ACTIVITY:
Word for word, restate the lines of the listing below from the line with "The 843246I is" through the line with "서울시 면허로 경기도를", and do not include the pictures.

STUDY MATERIAL:

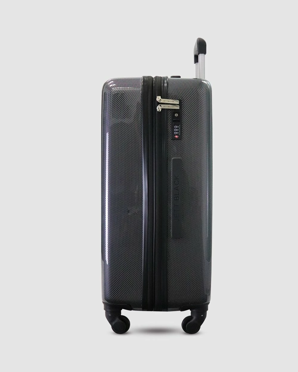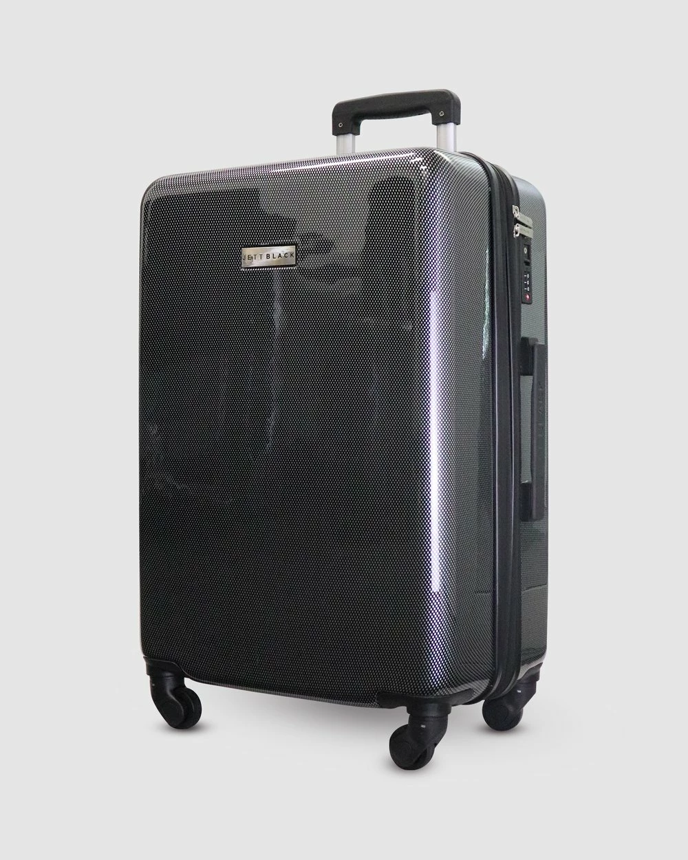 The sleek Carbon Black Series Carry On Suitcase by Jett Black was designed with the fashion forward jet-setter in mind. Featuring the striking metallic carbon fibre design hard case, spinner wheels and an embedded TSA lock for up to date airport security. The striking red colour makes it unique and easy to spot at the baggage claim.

--

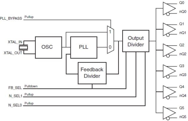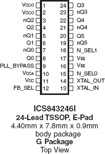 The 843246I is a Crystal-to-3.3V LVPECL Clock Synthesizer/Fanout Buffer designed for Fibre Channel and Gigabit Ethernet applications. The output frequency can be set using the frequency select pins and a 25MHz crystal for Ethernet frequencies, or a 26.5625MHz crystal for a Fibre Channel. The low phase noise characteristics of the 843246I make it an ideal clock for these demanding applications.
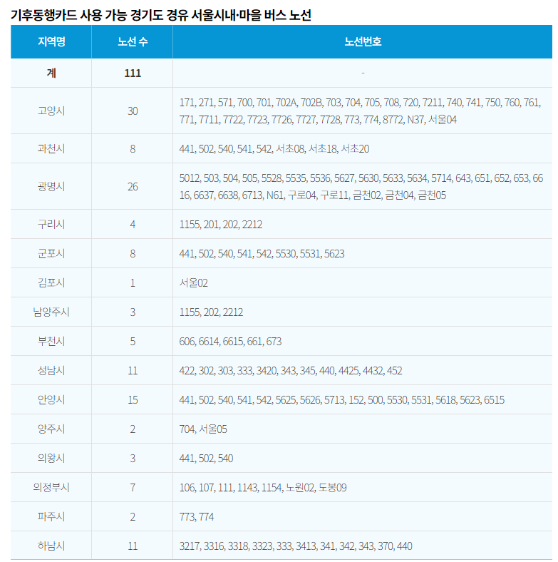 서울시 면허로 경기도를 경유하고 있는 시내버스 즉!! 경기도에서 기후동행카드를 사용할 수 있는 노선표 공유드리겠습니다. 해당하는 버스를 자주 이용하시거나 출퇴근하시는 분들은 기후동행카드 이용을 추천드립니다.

TASK OUTPUT:
 The 843246I is a Crystal-to-3.3V LVPECL Clock Synthesizer/Fanout Buffer designed for Fibre Channel and Gigabit Ethernet applications. The output frequency can be set using the frequency select pins and a 25MHz crystal for Ethernet frequencies, or a 26.5625MHz crystal for a Fibre Channel. The low phase noise characteristics of the 843246I make it an ideal clock for these demanding applications.
 서울시 면허로 경기도를 경유하고 있는 시내버스 즉!! 경기도에서 기후동행카드를 사용할 수 있는 노선표 공유드리겠습니다. 해당하는 버스를 자주 이용하시거나 출퇴근하시는 분들은 기후동행카드 이용을 추천드립니다.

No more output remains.